## WHAT YOU WILL DO
Give every line of the records exactly, please, from the first up to and including the one containing "2、在主界面底部,选择【资讯".

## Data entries

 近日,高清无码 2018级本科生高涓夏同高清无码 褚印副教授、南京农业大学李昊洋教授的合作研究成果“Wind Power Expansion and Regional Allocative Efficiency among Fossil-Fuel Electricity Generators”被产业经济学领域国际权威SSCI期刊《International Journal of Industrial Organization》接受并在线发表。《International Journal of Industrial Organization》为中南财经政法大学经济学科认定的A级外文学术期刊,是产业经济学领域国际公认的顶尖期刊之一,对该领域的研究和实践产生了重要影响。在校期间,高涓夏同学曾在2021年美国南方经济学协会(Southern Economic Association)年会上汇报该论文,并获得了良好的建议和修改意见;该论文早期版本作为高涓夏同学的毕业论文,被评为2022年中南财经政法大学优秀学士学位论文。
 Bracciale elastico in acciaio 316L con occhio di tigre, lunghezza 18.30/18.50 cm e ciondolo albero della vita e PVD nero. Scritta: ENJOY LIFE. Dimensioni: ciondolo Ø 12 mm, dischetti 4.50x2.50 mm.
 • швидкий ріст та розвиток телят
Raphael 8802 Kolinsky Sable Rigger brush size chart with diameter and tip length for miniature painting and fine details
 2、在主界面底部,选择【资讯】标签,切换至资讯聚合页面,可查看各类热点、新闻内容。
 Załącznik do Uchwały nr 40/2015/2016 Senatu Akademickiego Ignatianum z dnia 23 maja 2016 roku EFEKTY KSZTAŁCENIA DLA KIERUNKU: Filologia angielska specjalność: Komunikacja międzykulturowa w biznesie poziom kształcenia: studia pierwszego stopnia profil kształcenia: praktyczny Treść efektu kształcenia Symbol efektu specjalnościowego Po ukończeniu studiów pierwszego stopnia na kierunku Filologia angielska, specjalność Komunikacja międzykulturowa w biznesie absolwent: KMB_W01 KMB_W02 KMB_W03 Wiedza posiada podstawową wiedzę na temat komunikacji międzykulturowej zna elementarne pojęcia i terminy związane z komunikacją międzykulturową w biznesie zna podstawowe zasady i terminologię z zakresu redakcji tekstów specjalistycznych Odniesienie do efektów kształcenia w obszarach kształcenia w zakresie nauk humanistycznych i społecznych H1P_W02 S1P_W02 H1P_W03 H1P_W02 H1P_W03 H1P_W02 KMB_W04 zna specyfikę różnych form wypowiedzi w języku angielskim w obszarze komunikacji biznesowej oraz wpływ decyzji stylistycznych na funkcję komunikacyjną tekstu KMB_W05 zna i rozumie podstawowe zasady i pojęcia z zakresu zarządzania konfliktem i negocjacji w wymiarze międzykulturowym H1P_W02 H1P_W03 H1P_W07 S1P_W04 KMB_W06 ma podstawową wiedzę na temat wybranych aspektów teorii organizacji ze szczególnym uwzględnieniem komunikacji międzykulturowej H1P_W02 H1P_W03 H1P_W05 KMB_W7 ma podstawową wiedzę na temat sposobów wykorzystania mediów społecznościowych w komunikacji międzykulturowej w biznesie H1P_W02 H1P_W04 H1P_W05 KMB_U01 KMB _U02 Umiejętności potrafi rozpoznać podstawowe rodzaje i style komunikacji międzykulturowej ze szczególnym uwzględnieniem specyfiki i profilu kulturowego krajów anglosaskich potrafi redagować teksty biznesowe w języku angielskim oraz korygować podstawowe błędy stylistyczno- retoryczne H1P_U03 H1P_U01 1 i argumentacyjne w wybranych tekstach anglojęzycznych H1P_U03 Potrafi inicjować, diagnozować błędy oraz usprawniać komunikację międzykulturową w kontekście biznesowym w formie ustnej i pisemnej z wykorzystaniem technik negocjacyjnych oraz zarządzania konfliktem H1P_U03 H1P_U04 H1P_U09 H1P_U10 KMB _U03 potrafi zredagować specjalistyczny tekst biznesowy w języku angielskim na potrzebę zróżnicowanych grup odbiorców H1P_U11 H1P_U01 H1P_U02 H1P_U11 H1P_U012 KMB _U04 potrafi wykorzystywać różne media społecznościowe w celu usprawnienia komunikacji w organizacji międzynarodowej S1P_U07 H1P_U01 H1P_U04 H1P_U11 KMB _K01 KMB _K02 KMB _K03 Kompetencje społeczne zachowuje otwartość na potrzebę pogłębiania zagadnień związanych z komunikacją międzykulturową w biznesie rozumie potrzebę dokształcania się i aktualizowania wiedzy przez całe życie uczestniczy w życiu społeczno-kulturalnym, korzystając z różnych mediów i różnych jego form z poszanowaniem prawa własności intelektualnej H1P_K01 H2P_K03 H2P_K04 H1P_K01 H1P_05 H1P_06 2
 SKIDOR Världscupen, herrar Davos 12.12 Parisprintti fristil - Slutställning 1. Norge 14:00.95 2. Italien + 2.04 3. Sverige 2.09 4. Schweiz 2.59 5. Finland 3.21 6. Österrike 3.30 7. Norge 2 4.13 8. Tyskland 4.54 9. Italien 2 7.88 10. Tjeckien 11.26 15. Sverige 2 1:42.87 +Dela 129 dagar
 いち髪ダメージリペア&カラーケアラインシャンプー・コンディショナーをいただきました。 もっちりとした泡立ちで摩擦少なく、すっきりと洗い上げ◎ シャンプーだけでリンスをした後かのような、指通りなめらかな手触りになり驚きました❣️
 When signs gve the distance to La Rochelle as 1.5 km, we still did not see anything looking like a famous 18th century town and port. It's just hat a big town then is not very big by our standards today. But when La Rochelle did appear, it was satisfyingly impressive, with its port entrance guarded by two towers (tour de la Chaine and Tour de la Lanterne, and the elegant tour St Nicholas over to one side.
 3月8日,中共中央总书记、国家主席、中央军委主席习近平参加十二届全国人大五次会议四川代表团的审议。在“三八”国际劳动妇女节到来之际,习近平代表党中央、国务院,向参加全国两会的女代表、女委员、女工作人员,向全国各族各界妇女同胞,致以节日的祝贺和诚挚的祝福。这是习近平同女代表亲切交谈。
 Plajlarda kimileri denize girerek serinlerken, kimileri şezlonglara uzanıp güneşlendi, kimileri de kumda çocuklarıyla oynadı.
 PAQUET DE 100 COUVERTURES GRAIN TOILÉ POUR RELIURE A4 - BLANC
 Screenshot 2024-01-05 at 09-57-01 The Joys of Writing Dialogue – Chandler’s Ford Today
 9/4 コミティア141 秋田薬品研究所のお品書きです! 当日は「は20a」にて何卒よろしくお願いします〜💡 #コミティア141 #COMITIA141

## SOLUTION BELOW
 近日,高清无码 2018级本科生高涓夏同高清无码 褚印副教授、南京农业大学李昊洋教授的合作研究成果“Wind Power Expansion and Regional Allocative Efficiency among Fossil-Fuel Electricity Generators”被产业经济学领域国际权威SSCI期刊《International Journal of Industrial Organization》接受并在线发表。《International Journal of Industrial Organization》为中南财经政法大学经济学科认定的A级外文学术期刊,是产业经济学领域国际公认的顶尖期刊之一,对该领域的研究和实践产生了重要影响。在校期间,高涓夏同学曾在2021年美国南方经济学协会(Southern Economic Association)年会上汇报该论文,并获得了良好的建议和修改意见;该论文早期版本作为高涓夏同学的毕业论文,被评为2022年中南财经政法大学优秀学士学位论文。
 Bracciale elastico in acciaio 316L con occhio di tigre, lunghezza 18.30/18.50 cm e ciondolo albero della vita e PVD nero. Scritta: ENJOY LIFE. Dimensioni: ciondolo Ø 12 mm, dischetti 4.50x2.50 mm.
 • швидкий ріст та розвиток телят
Raphael 8802 Kolinsky Sable Rigger brush size chart with diameter and tip length for miniature painting and fine details
 2、在主界面底部,选择【资讯】标签,切换至资讯聚合页面,可查看各类热点、新闻内容。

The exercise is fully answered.